About this task: Skip pictures in the listing below; copy exactly the lines from the one with "Подарочный сертификат Zippo" through the one with "This is LED", inclusive.

Records shown:
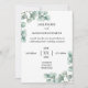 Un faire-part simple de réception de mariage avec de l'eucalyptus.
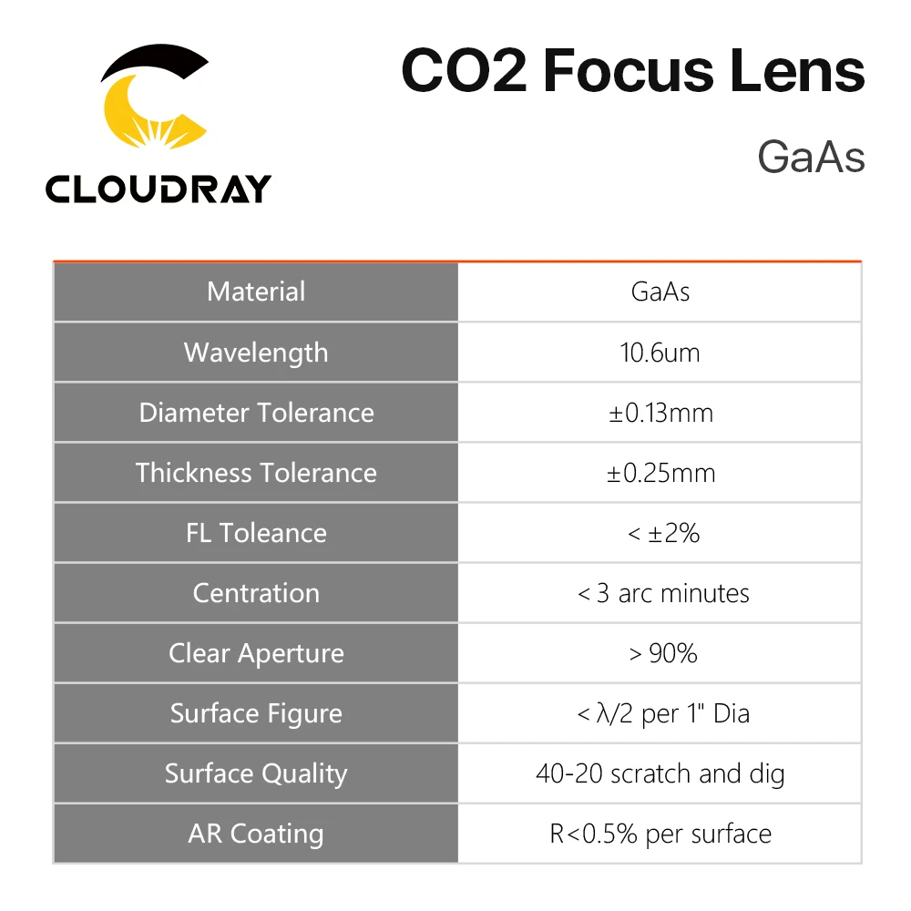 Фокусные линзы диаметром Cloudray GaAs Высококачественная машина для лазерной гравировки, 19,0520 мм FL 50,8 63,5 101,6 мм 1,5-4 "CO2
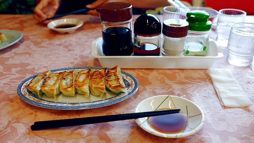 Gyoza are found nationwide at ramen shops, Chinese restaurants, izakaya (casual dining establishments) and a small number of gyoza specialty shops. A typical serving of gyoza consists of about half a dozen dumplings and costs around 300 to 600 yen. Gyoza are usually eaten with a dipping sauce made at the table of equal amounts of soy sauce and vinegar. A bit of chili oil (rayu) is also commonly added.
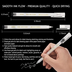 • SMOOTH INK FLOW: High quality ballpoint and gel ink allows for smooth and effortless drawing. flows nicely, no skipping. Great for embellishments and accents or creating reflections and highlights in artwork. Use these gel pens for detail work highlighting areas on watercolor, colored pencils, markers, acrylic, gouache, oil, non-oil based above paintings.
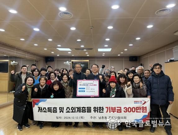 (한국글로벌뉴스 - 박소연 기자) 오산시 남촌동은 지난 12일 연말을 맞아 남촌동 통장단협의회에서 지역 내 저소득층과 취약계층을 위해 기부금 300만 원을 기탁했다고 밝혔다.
--
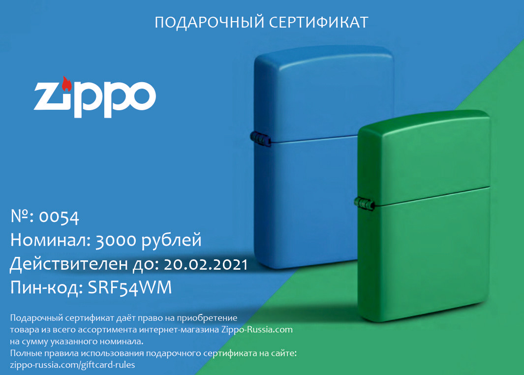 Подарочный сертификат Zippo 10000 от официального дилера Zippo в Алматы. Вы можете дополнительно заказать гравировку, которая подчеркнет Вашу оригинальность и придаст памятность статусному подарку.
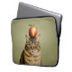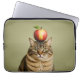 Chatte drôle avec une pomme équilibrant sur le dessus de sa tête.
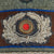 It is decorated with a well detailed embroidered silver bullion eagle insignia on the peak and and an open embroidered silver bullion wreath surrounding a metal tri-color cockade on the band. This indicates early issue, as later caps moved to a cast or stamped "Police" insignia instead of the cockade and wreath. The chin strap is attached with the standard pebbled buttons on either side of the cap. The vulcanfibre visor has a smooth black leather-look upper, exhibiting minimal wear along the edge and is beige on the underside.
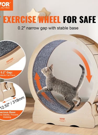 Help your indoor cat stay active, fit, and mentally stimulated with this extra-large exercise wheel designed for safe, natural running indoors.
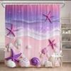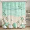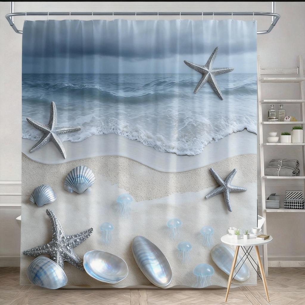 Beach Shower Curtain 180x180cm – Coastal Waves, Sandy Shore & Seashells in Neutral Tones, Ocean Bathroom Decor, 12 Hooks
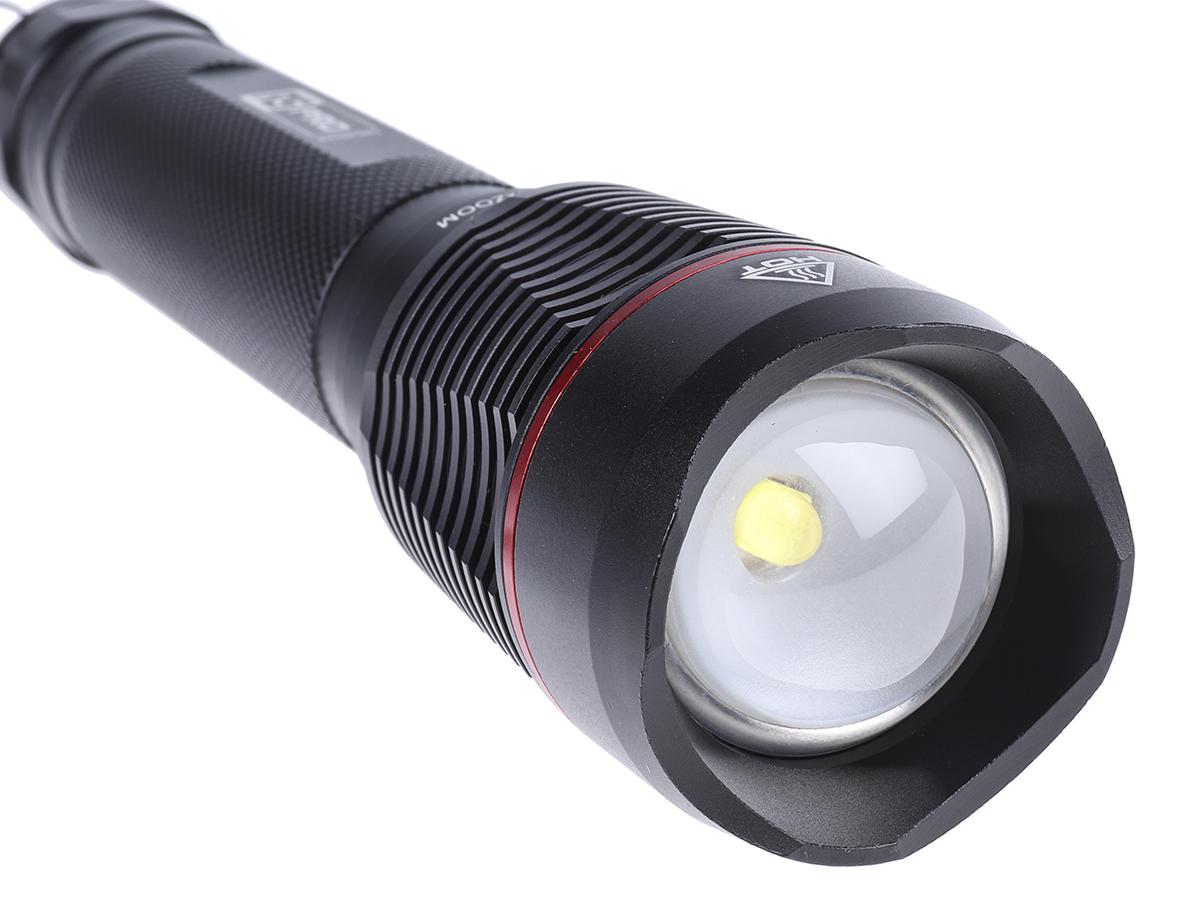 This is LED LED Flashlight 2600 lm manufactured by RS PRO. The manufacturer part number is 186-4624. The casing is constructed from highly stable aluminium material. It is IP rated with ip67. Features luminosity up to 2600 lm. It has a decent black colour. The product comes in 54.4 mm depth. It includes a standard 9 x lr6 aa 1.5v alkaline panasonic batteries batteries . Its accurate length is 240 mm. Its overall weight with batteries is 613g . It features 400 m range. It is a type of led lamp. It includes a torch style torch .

Solution below:
 Подарочный сертификат Zippo 10000 от официального дилера Zippo в Алматы. Вы можете дополнительно заказать гравировку, которая подчеркнет Вашу оригинальность и придаст памятность статусному подарку.
 Chatte drôle avec une pomme équilibrant sur le dessus de sa tête.
 It is decorated with a well detailed embroidered silver bullion eagle insignia on the peak and and an open embroidered silver bullion wreath surrounding a metal tri-color cockade on the band. This indicates early issue, as later caps moved to a cast or stamped "Police" insignia instead of the cockade and wreath. The chin strap is attached with the standard pebbled buttons on either side of the cap. The vulcanfibre visor has a smooth black leather-look upper, exhibiting minimal wear along the edge and is beige on the underside.
 Help your indoor cat stay active, fit, and mentally stimulated with this extra-large exercise wheel designed for safe, natural running indoors.
 Beach Shower Curtain 180x180cm – Coastal Waves, Sandy Shore & Seashells in Neutral Tones, Ocean Bathroom Decor, 12 Hooks
 This is LED LED Flashlight 2600 lm manufactured by RS PRO. The manufacturer part number is 186-4624. The casing is constructed from highly stable aluminium material. It is IP rated with ip67. Features luminosity up to 2600 lm. It has a decent black colour. The product comes in 54.4 mm depth. It includes a standard 9 x lr6 aa 1.5v alkaline panasonic batteries batteries . Its accurate length is 240 mm. Its overall weight with batteries is 613g . It features 400 m range. It is a type of led lamp. It includes a torch style torch .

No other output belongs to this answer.